The South African Mathematical Olympiad Third Round

Note first that there is no calm representation with 2 terms: if either $a_1$ or $a_2$ is 1 or $a_1=a_2=\frac{1}{2}$, then the sum is greater than $\frac{17}{20}$. Otherwise, the sum is at most $\frac{1}{2}+\frac{1}{3}=\frac{5}{6}<\frac{17}{20}$, thus too small.

On the other hand, there is a representation with 3 terms, namely $$\frac{17}{20}=\frac{1}{2}+\frac{1}{4}+\frac{1}{10},$$ showing that the smallest possible value of $k$ is 3.

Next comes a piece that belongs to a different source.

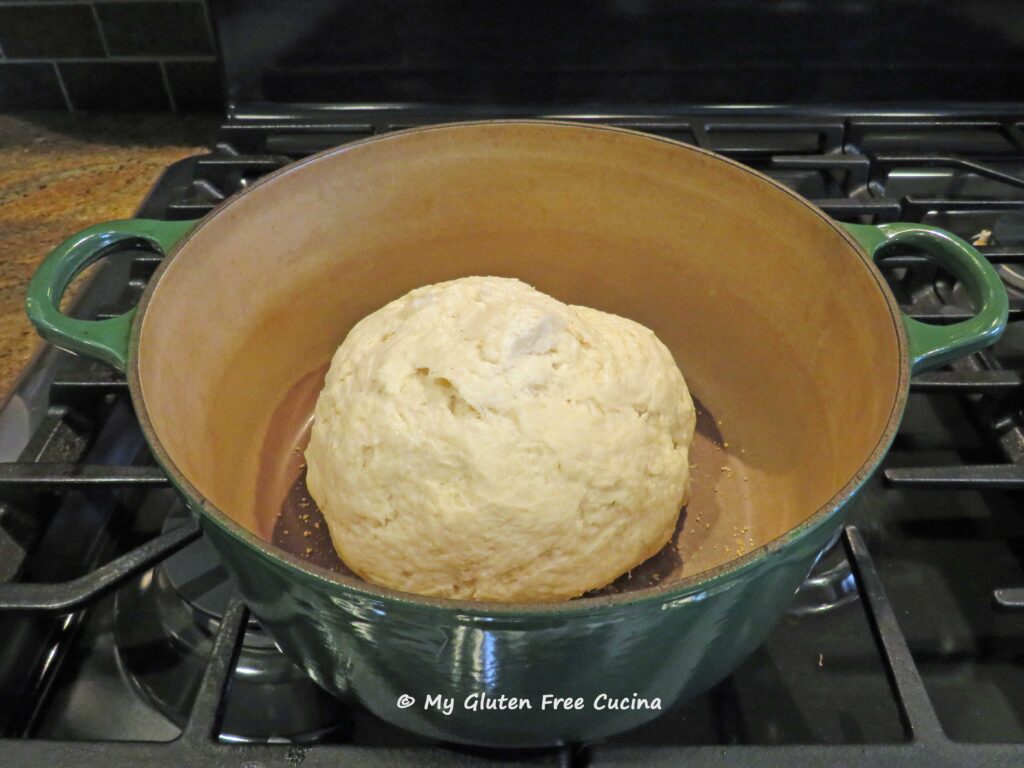 Morning – Take the dough out of the refrigerator and let it stand at room temperature while you preheat the oven to 475º.  Place a Dutch oven on the middle shelf while the oven is heating for 1/2 hour prior to baking (note- if you are not using cast iron be careful, read the instructions for your pot to make certain it can withstand being heated while empty).
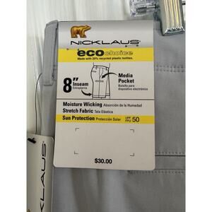 Nicklaus Eco Choice Men's Golf Shorts In Light Gray with 8-inch Inseam Size 40

Now we show that there are infinitely many calm representations: take $a_1=5\cdot 2^{4n+1}$ and consider the difference $$\frac{17}{20}-\frac{1}{5\cdot 2^{4n+1}}=\frac{17\cdot 2^{4n-1}-1}{5\cdot 2^{4n+1}}.$$ Since $2^4=16\equiv 1\mathrm{mod}5$, the numerator is $17\cdot 2^{4n-1}-1\equiv 17\cdot 8-1=135\equiv 0\mathrm{mod}5$. Thus the factor 5 cancels, and we have $$\frac{17}{20}-\frac{1}{5\cdot 2^{4n+1}}=\frac{A}{2^{4n+1}}$$ for some positive integer $A<2^{4n+1}$. Since $A$ has a binary representation as $A=2^{b_1}+2^{b_2}+\cdots +2^{b_r}$ with distinct nonnegative integers $b_1,b_2,\dots ,b_r$, we get $$\frac{17}{20}=\frac{1}{5\cdot 2^{4n+1}}+\frac{1}{2^{4n+1-b_1}}+\frac{1}{2^{4n+1-b_2}}+\cdots +\frac{1}{2^{4n+1-b_r}},$$ which is a calm representation for every $n$. This completes the proof.